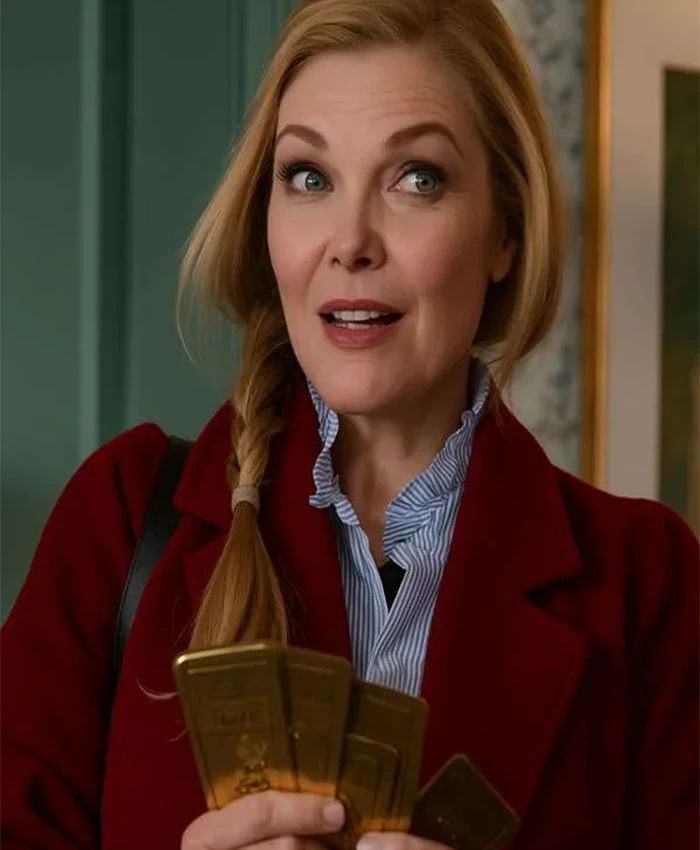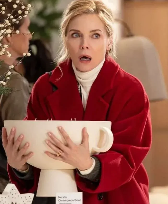 Claire Movie Oh What Fun 2025 Michelle Pfeiffer Red Wool Trench Coat
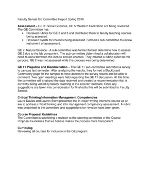 Faculty Senate GE Committee Report Spring 2018
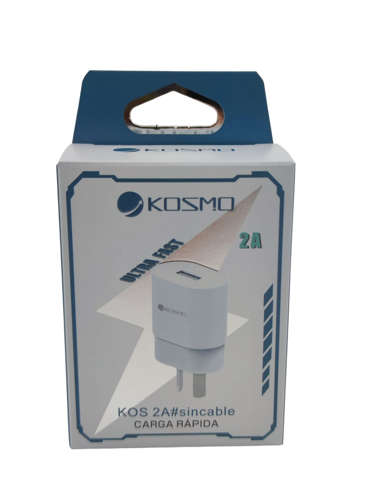 Cargador de pared Kosmo KOS 2A de carga rápida, ideal para celulares y dispositivos pequeños. Características principales: 1 puerto USB de salida. Corriente máxima 2A. *No incluye cable (compatible con cualquier cable USB estándar).
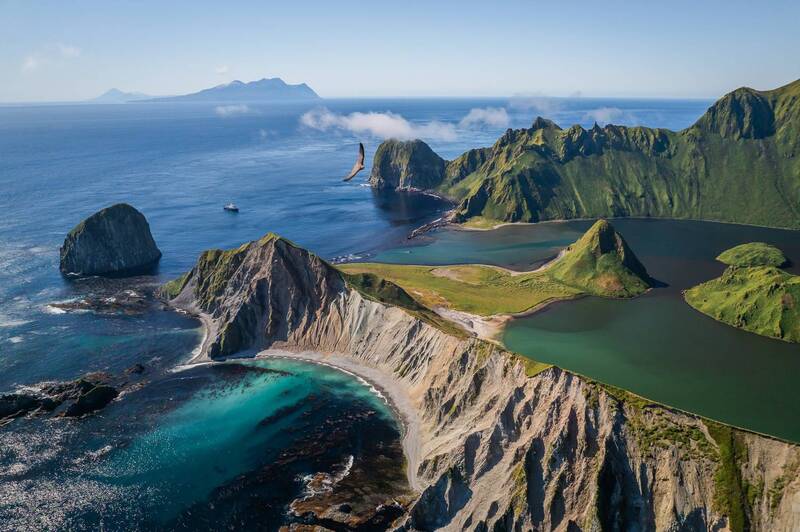 An aerial view at sunset of a mountain by the sea, with warm colors reflected in the water and shadows stretching along the coast, evoking the serenity and beauty of places like Stokness.

|---|

Activity: Drop the images, then copy the data exactly.

The answer:
 Claire Movie Oh What Fun 2025 Michelle Pfeiffer Red Wool Trench Coat
 Faculty Senate GE Committee Report Spring 2018
 Cargador de pared Kosmo KOS 2A de carga rápida, ideal para celulares y dispositivos pequeños. Características principales: 1 puerto USB de salida. Corriente máxima 2A. *No incluye cable (compatible con cualquier cable USB estándar).
 An aerial view at sunset of a mountain by the sea, with warm colors reflected in the water and shadows stretching along the coast, evoking the serenity and beauty of places like Stokness.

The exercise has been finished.